**Assignment:**
Return each entry below exactly. Skip the images.

**Given records:**
_ _ _ _ _
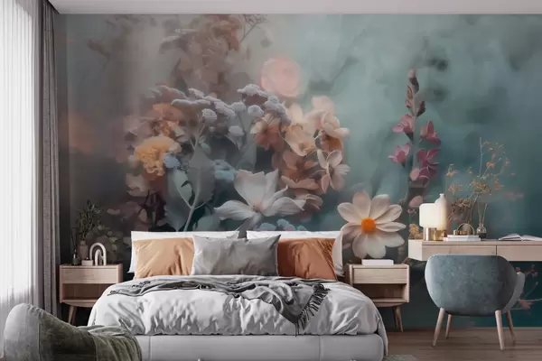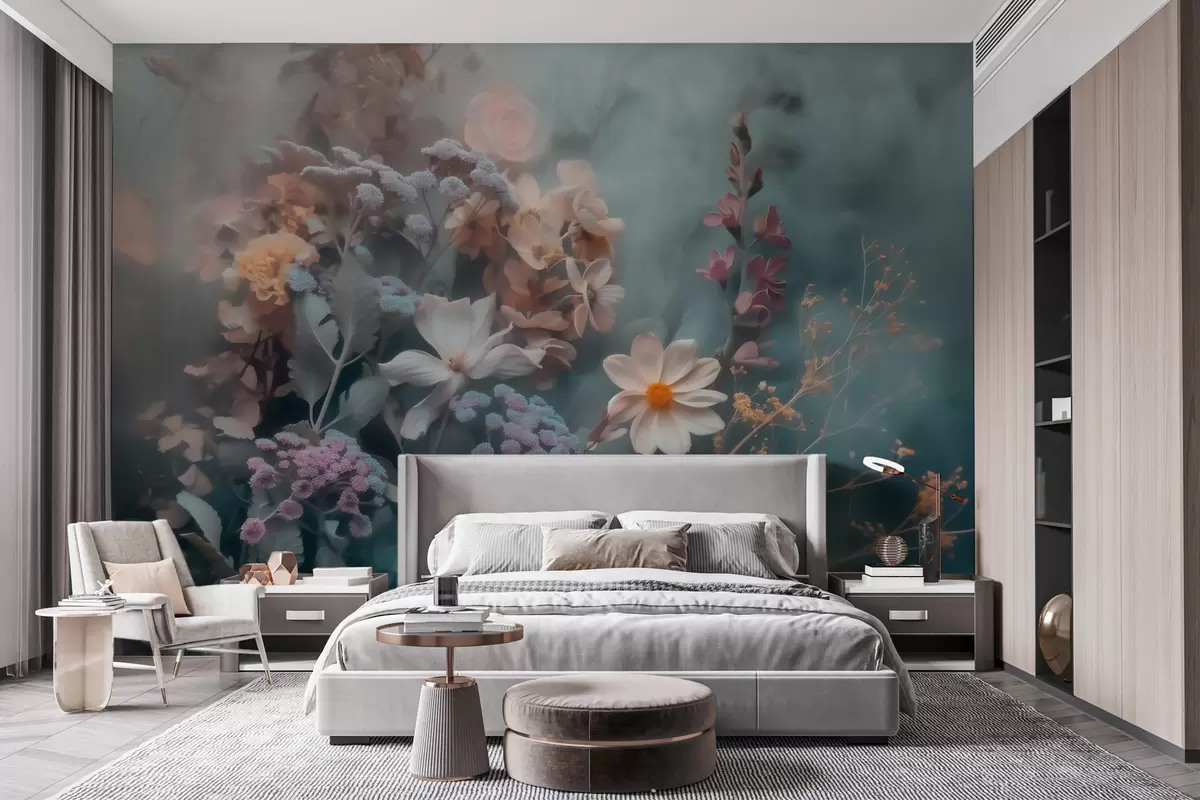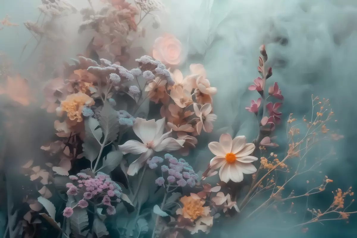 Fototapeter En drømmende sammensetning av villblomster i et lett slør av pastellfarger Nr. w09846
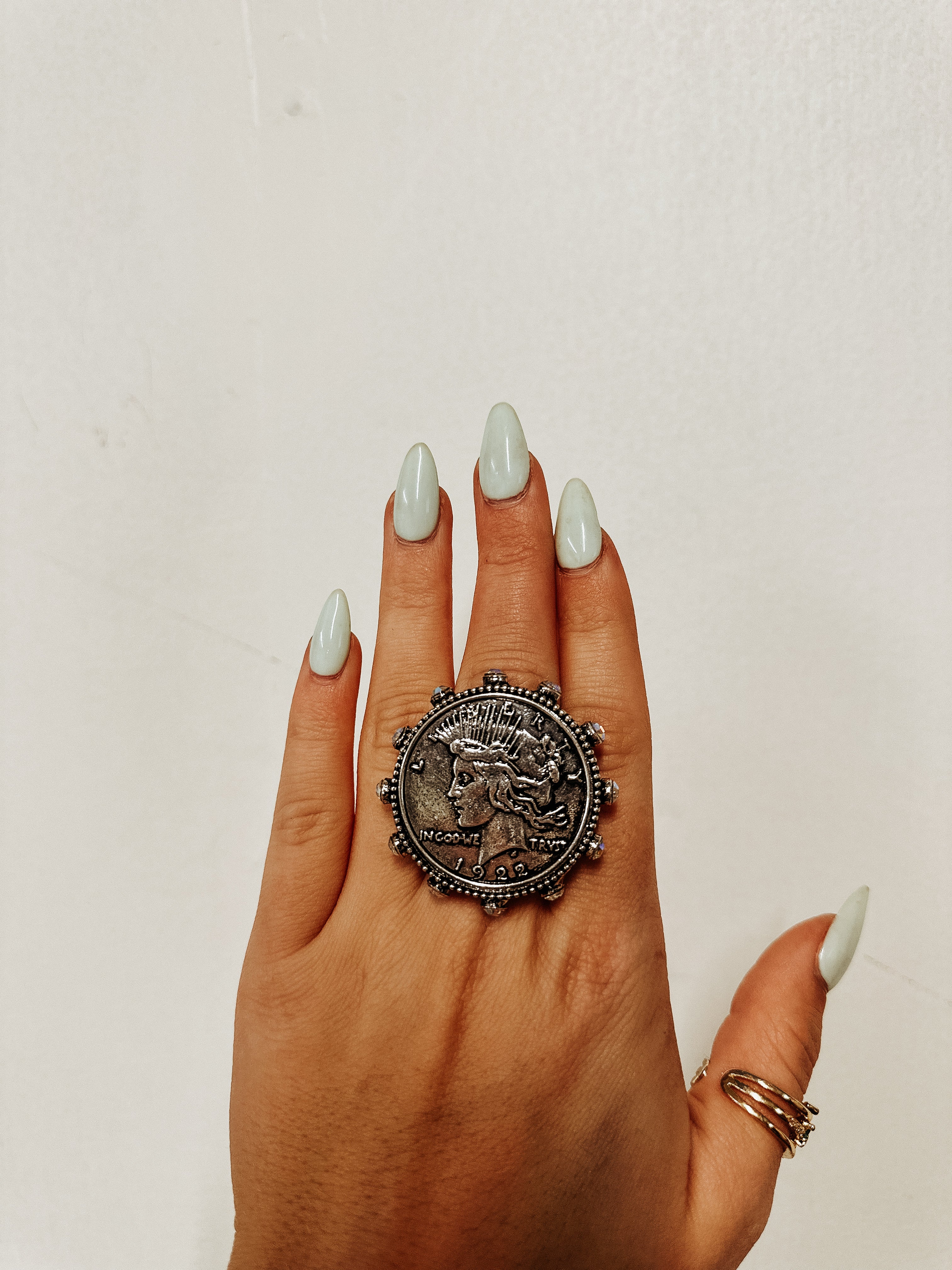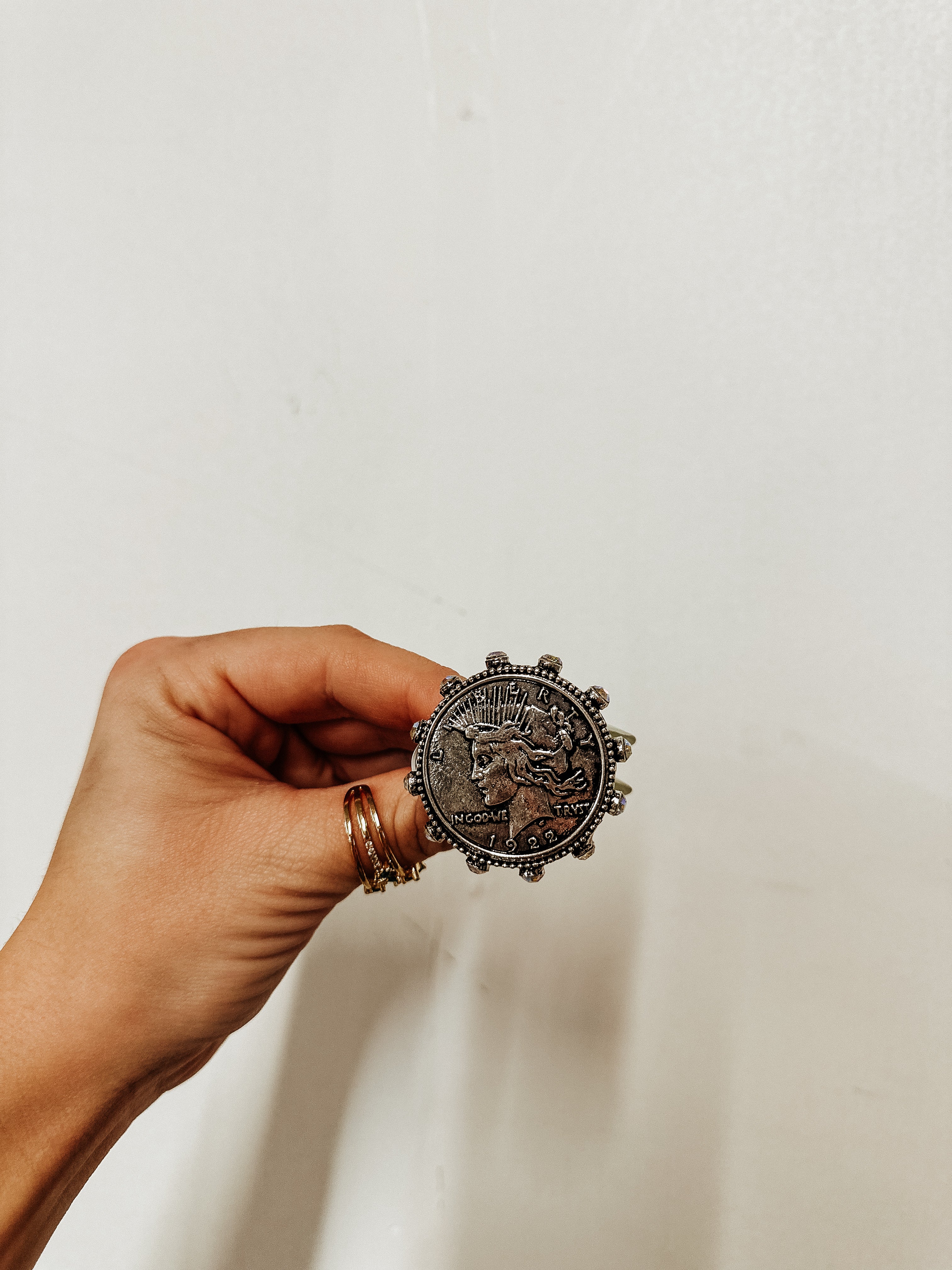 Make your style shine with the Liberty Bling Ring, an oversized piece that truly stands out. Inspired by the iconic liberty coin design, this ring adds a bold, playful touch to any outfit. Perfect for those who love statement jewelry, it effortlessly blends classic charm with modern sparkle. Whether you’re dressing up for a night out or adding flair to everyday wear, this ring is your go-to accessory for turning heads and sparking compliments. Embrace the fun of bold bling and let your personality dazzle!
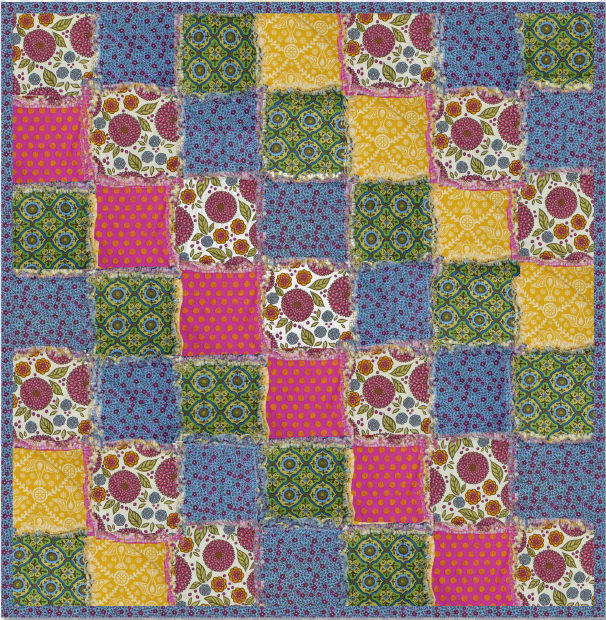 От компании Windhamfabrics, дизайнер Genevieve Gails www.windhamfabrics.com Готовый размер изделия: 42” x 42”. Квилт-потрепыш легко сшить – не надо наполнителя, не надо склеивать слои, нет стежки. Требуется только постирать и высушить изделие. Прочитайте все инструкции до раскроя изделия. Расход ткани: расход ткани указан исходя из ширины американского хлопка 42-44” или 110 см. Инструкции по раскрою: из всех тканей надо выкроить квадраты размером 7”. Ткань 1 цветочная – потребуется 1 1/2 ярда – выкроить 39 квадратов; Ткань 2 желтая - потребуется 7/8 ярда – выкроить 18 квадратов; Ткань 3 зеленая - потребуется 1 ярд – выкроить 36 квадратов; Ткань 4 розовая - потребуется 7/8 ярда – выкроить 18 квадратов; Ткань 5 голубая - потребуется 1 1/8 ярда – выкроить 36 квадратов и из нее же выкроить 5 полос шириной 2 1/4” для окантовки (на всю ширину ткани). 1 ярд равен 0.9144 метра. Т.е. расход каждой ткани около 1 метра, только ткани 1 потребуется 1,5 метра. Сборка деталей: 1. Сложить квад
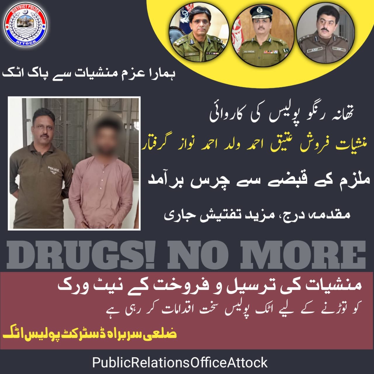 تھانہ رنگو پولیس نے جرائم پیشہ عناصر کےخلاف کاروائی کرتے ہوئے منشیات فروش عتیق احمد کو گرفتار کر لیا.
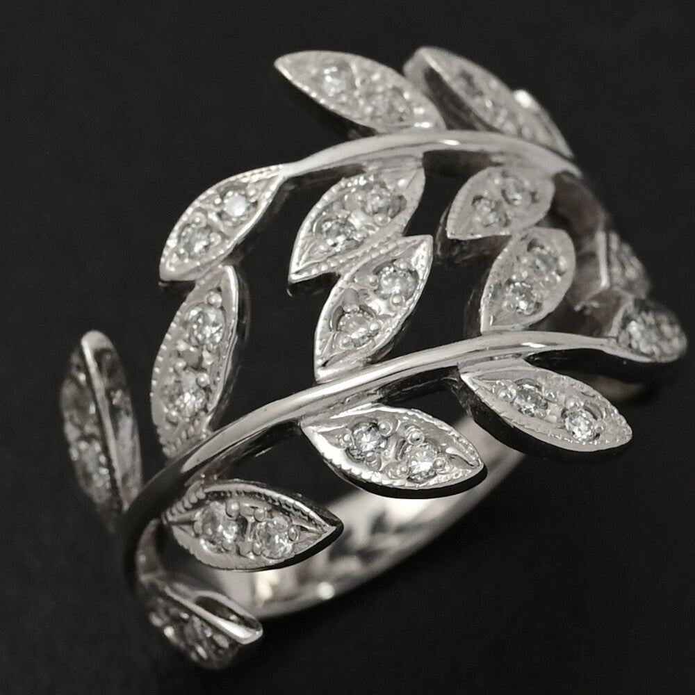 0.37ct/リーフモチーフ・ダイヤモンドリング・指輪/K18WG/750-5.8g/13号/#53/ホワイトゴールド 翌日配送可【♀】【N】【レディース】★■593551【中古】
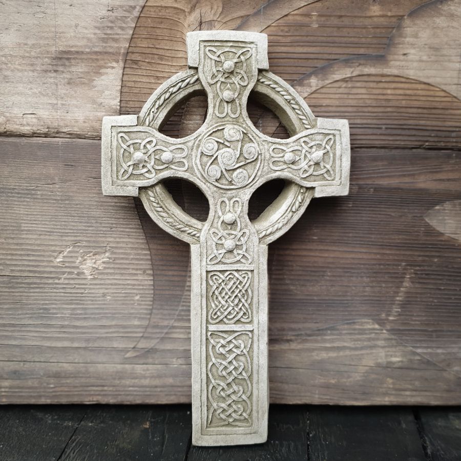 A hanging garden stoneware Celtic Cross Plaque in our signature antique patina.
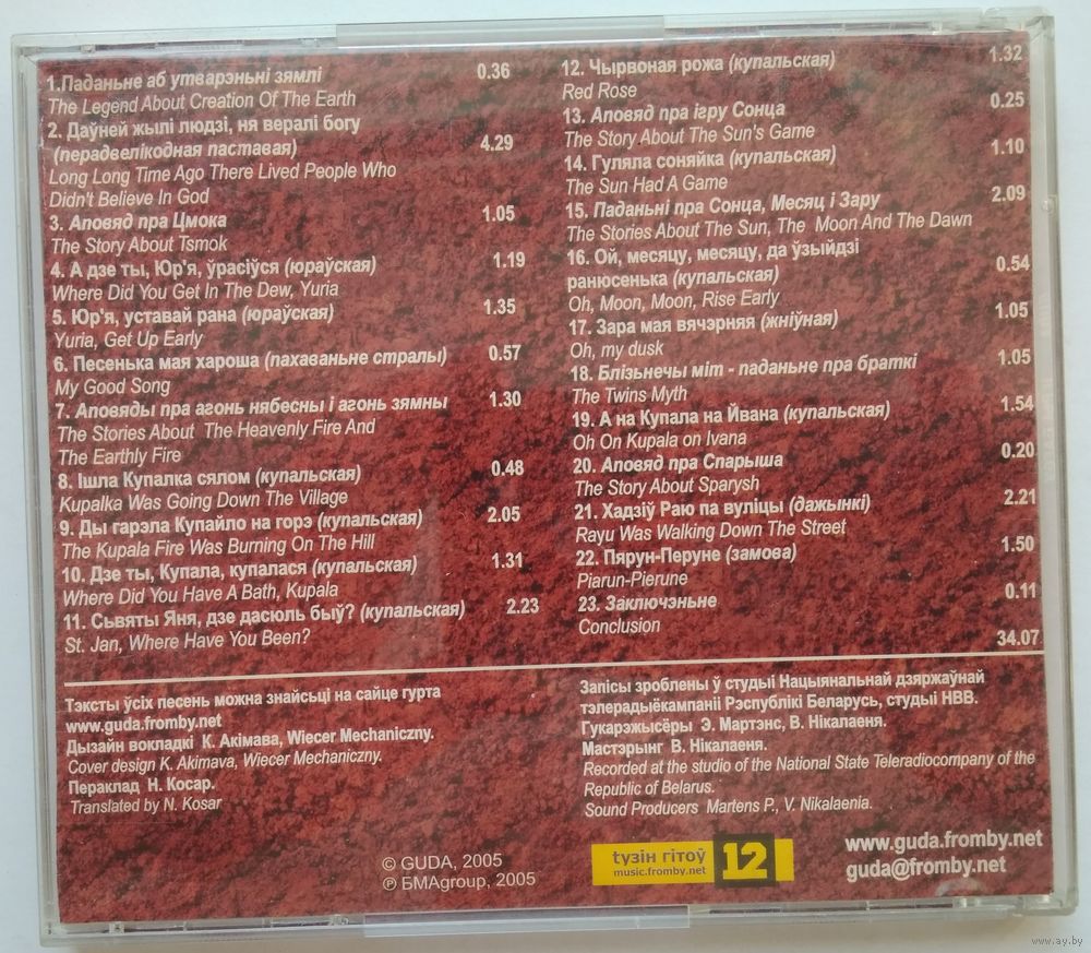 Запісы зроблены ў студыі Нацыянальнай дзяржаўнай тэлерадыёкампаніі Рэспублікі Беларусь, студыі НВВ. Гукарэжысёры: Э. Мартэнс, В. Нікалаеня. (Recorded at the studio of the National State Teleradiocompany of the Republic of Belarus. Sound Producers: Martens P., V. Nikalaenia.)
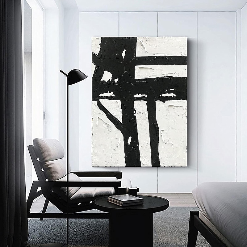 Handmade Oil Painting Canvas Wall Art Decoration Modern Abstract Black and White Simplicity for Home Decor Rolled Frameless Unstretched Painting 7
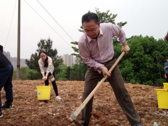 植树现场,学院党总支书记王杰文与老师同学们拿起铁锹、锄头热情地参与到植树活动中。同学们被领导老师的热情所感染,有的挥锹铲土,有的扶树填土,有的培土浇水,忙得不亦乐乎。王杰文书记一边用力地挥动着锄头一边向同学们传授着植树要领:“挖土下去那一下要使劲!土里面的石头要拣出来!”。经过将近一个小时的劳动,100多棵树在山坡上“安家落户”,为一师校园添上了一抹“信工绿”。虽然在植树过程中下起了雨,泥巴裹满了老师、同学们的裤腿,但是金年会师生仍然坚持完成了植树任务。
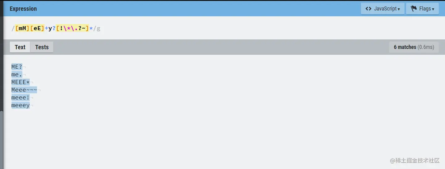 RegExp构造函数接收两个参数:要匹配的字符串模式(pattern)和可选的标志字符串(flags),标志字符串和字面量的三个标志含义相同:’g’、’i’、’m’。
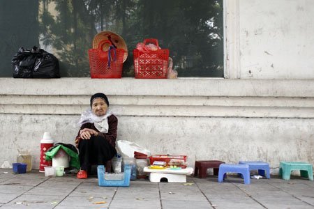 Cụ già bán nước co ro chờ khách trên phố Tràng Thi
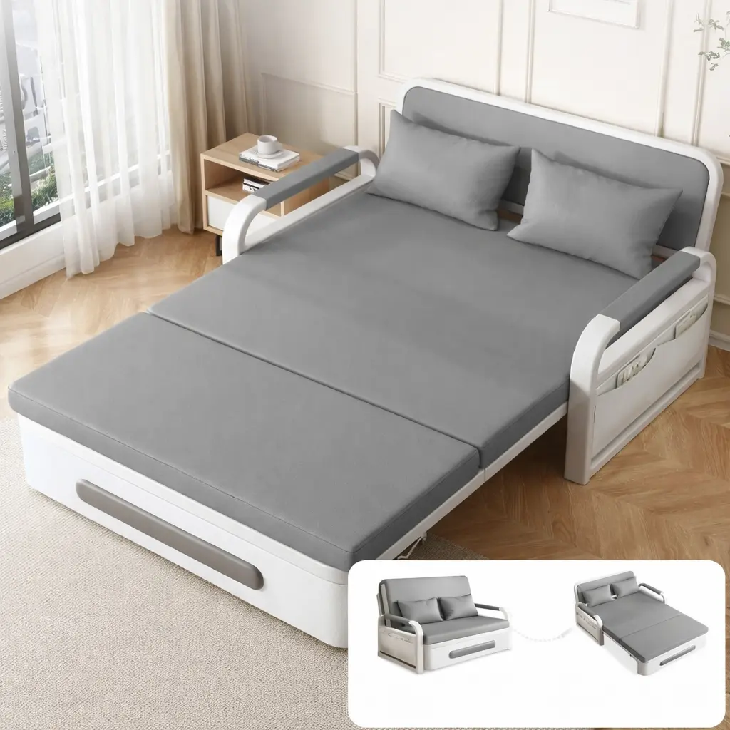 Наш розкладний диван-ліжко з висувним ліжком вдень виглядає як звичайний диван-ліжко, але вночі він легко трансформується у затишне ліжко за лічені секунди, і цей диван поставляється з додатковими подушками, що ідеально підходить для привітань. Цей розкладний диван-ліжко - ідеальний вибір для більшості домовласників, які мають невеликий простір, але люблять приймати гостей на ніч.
_ _ _ _ _
**Reply:**
 Fototapeter En drømmende sammensetning av villblomster i et lett slør av pastellfarger Nr. w09846
 Make your style shine with the Liberty Bling Ring, an oversized piece that truly stands out. Inspired by the iconic liberty coin design, this ring adds a bold, playful touch to any outfit. Perfect for those who love statement jewelry, it effortlessly blends classic charm with modern sparkle. Whether you’re dressing up for a night out or adding flair to everyday wear, this ring is your go-to accessory for turning heads and sparking compliments. Embrace the fun of bold bling and let your personality dazzle!
 От компании Windhamfabrics, дизайнер Genevieve Gails www.windhamfabrics.com Готовый размер изделия: 42” x 42”. Квилт-потрепыш легко сшить – не надо наполнителя, не надо склеивать слои, нет стежки. Требуется только постирать и высушить изделие. Прочитайте все инструкции до раскроя изделия. Расход ткани: расход ткани указан исходя из ширины американского хлопка 42-44” или 110 см. Инструкции по раскрою: из всех тканей надо выкроить квадраты размером 7”. Ткань 1 цветочная – потребуется 1 1/2 ярда – выкроить 39 квадратов; Ткань 2 желтая - потребуется 7/8 ярда – выкроить 18 квадратов; Ткань 3 зеленая - потребуется 1 ярд – выкроить 36 квадратов; Ткань 4 розовая - потребуется 7/8 ярда – выкроить 18 квадратов; Ткань 5 голубая - потребуется 1 1/8 ярда – выкроить 36 квадратов и из нее же выкроить 5 полос шириной 2 1/4” для окантовки (на всю ширину ткани). 1 ярд равен 0.9144 метра. Т.е. расход каждой ткани около 1 метра, только ткани 1 потребуется 1,5 метра. Сборка деталей: 1. Сложить квад
 تھانہ رنگو پولیس نے جرائم پیشہ عناصر کےخلاف کاروائی کرتے ہوئے منشیات فروش عتیق احمد کو گرفتار کر لیا.
 0.37ct/リーフモチーフ・ダイヤモンドリング・指輪/K18WG/750-5.8g/13号/#53/ホワイトゴールド 翌日配送可【♀】【N】【レディース】★■593551【中古】
 A hanging garden stoneware Celtic Cross Plaque in our signature antique patina.
 Запісы зроблены ў студыі Нацыянальнай дзяржаўнай тэлерадыёкампаніі Рэспублікі Беларусь, студыі НВВ. Гукарэжысёры: Э. Мартэнс, В. Нікалаеня. (Recorded at the studio of the National State Teleradiocompany of the Republic of Belarus. Sound Producers: Martens P., V. Nikalaenia.)
 Handmade Oil Painting Canvas Wall Art Decoration Modern Abstract Black and White Simplicity for Home Decor Rolled Frameless Unstretched Painting 7
 植树现场,学院党总支书记王杰文与老师同学们拿起铁锹、锄头热情地参与到植树活动中。同学们被领导老师的热情所感染,有的挥锹铲土,有的扶树填土,有的培土浇水,忙得不亦乐乎。王杰文书记一边用力地挥动着锄头一边向同学们传授着植树要领:“挖土下去那一下要使劲!土里面的石头要拣出来!”。经过将近一个小时的劳动,100多棵树在山坡上“安家落户”,为一师校园添上了一抹“信工绿”。虽然在植树过程中下起了雨,泥巴裹满了老师、同学们的裤腿,但是金年会师生仍然坚持完成了植树任务。
 RegExp构造函数接收两个参数:要匹配的字符串模式(pattern)和可选的标志字符串(flags),标志字符串和字面量的三个标志含义相同:’g’、’i’、’m’。
 Cụ già bán nước co ro chờ khách trên phố Tràng Thi
 Наш розкладний диван-ліжко з висувним ліжком вдень виглядає як звичайний диван-ліжко, але вночі він легко трансформується у затишне ліжко за лічені секунди, і цей диван поставляється з додатковими подушками, що ідеально підходить для привітань. Цей розкладний диван-ліжко - ідеальний вибір для більшості домовласників, які мають невеликий простір, але люблять приймати гостей на ніч.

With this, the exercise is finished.